Sunday, October 17, 2021

Not Even Not Zen 225: Biomythography - Note 2

A Biomythography - Note 2
by Secret Hippie


Accidental Revisionism

Rarely do I remember how different things were. Coca-Cola, when I was nine years old, was so fundamentally different that I enjoy my occasional flashbacks to 'the best soda I ever had.' The event took place after I swam until I was exhausted, begged for vending machine money, and drank a small bottle of soda.

That's a tangible thing. Plus, there's evidence of the drink formulas from various eras. That's why so many people in our society remember the taste once being better despite Coca-Cola ads claiming otherwise. Less tangible and less easy to recall, I think, are the past contexts of our lives like those revealed in the terms we used. Some of them were regional sayings. For instance, I grew up oogling girls.

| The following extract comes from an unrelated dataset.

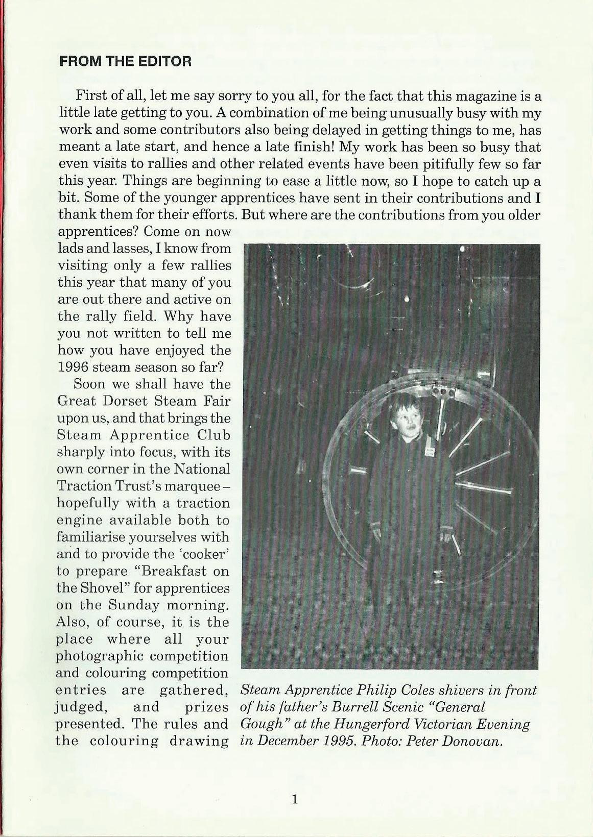 First of all, let me say sorry to you all, for the fact that this magazine is a little late getting to you. A combination of me being unusually busy with my work and some contributors also being delayed in getting things to me, has meant a late start, and hence a late finish! My work has been so busy that even visits to rallies and other related events have been pitifully few so far this year. Things are beginning to ease a little now, so I hope to catch up a bit. Some of the younger apprentices have sent in their contributions and I thank them for their efforts. But where are the contributions from you older apprentices? Come on now lads and lasses, I know from visiting only a few rallies this year that many of you are out there and active on the rally field. Why have you not written to tell me how you have enjoyed the 1996 steam season so far? Soon we shall have the Great Dorset Steam Fair upon us, and that brings the Steam Apprentice Club sharply into focus, with its own corner in the National Traction Trust's marqueehopefully with a traction engine available both to familiarise yourselves with arid to provide the 'cooker' to prepare "Breakfast on the Shovel" for apprentices on the Sunday morning. Also, of course, it is the place where all your photographic cornpetition and colouring competition entries are gathered, Steam Apprentice Philip Coles shivers in front judged, and prizes of his father's Burrell Scenic "General presented. The rules and Gough" at the Hungerford Victorian Evening the colouring drawing in December 1995. Photo: Peter Donovan.
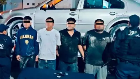 Los detenidos fueron identificados como Luis Manuel “N” de 30 años, José Ricardo “N” de 21 años, conductor y copiloto, así como los pasajeros Daniel “N” y César “N”, de 19 y 20 años respectivamente.

That was what the old men said. And I definitely did it. I liked to watch girls. Talking to them was more difficult. Sometimes I would freeze up completely. But I could half-close my eyes and just watch. Or watch with my mouth hanging open.

The term was pronounced oogling as in googling or "oooo, look at that."

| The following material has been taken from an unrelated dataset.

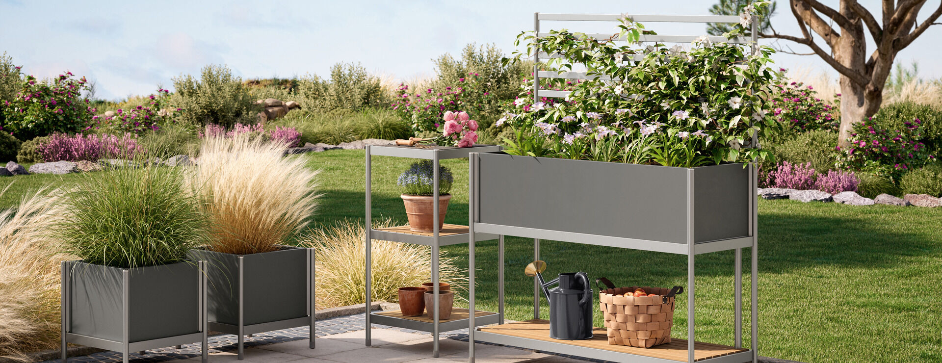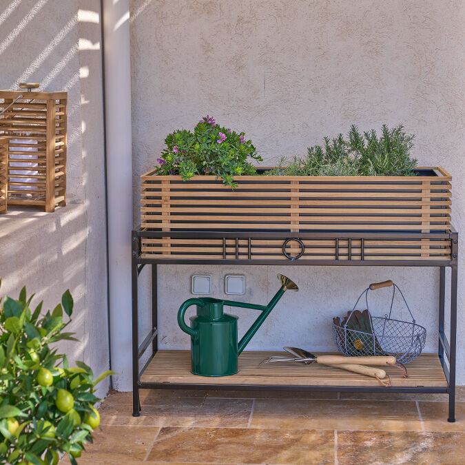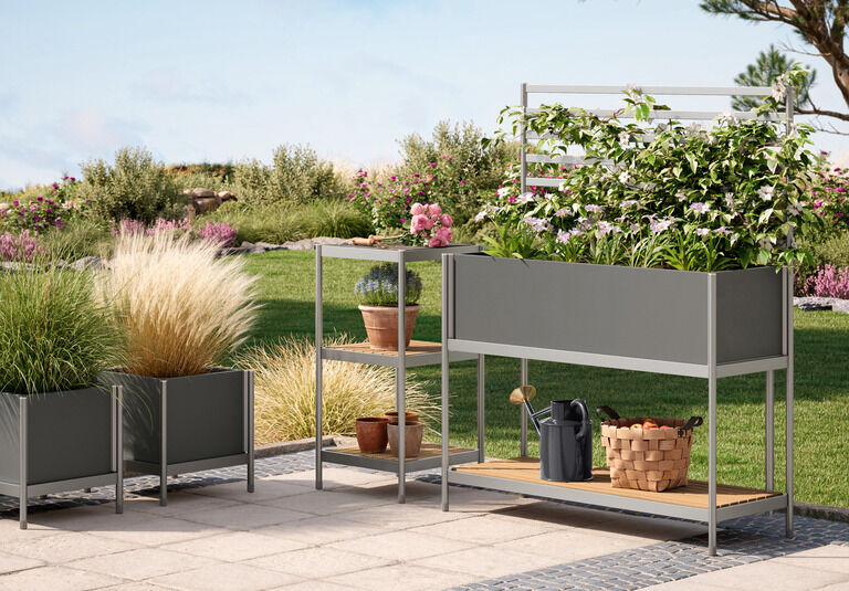 Staunässe verhindert ein integrierter Abfluss, auf dem Regalboden aus Teak finden Töpfe, Gartenwerkzeuge oder Giesskanne Platz. Unter Inspirationen haben wir einige Hinweise zu Standort, Drainage und Bepflanzung für Sie zusammengestellt. Weitere Informationen finden Sie direkt beim Produkt.

Later, I learned that the dictionary said this was ogling. It was officially spelled differently and pronounced differently than I thought. (Whoever wrote the dictionary probably said, "oh, look at that.") Nowadays, the oogling form is gone entirely. It's been replaced by the official dictionary decision, at least in my region of the country. But oogling was a better word. You could just hear and almost see the wide-open eyes implied by it, the sheer dumbfoundedness in someone’s face.

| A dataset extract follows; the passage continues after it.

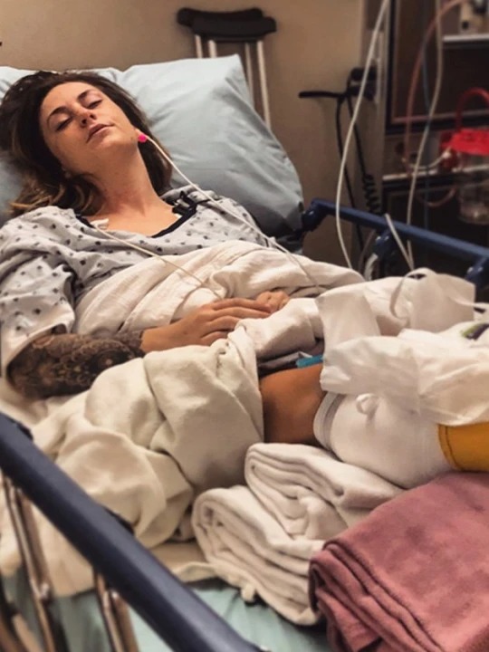 En ambulans tillkallades och förde den rädda mamman till sjukhus. Efter att ha genomgått tester och röntgen fick hon diagnosen kompartmentsyndrom orsakat av att hon legat på fötter hela natten, vilket hade blockerat blodflödet.

Another term that was stolen from our colloquial history, was "yadada yadada." Somehow, perhaps from my friends using Yiddish slang, I started saying “yadada yadada” in place of “and so on, and so on.” I think my changeover to "yadada yadada" happened when I was around thirteen.

There was a childish joy in saying a string of nonsense syllables and having everyone know what you meant. No one could define “yadada yadada” but everyone smiled and nodded at it.

In the late 1980s, though, after I had been spewing out my multisyllabic nonsense for over a decade, a new TV show came out that re-set the standard phrase. That show was Seinfeld. Suddenly, people started to look at me funny when I talked to them exactly as I always had before.

I actually had a few friends try to correct me. At this point, I may not have owned a television. But I was forced to learn about the show Seinfeld. Because whenever I said yadada yadada, which was often, I would get an involuntary education on how funny this program was.

Everyone loved it. I hadn’t seen it and already I hated it.

At this point, I wonder if anyone remembers that "yadada yadada” once existed. As far as I can tell, there's a lot of revisionism about the past that isn't deliberate. It just happens. Everybody backfills their memories with wrong stuff from television shows. ads, or current cultural norms. Little snippets get left out of our national or regional stories. Elements of personal contexts get lost.

Gone forever or radically changed are oogling, ping, flannel cake, twilight, wampum, sneakies, catfish, mixed marriage, sick, thongs, and so many others, yadada, yadada. You know what I mean.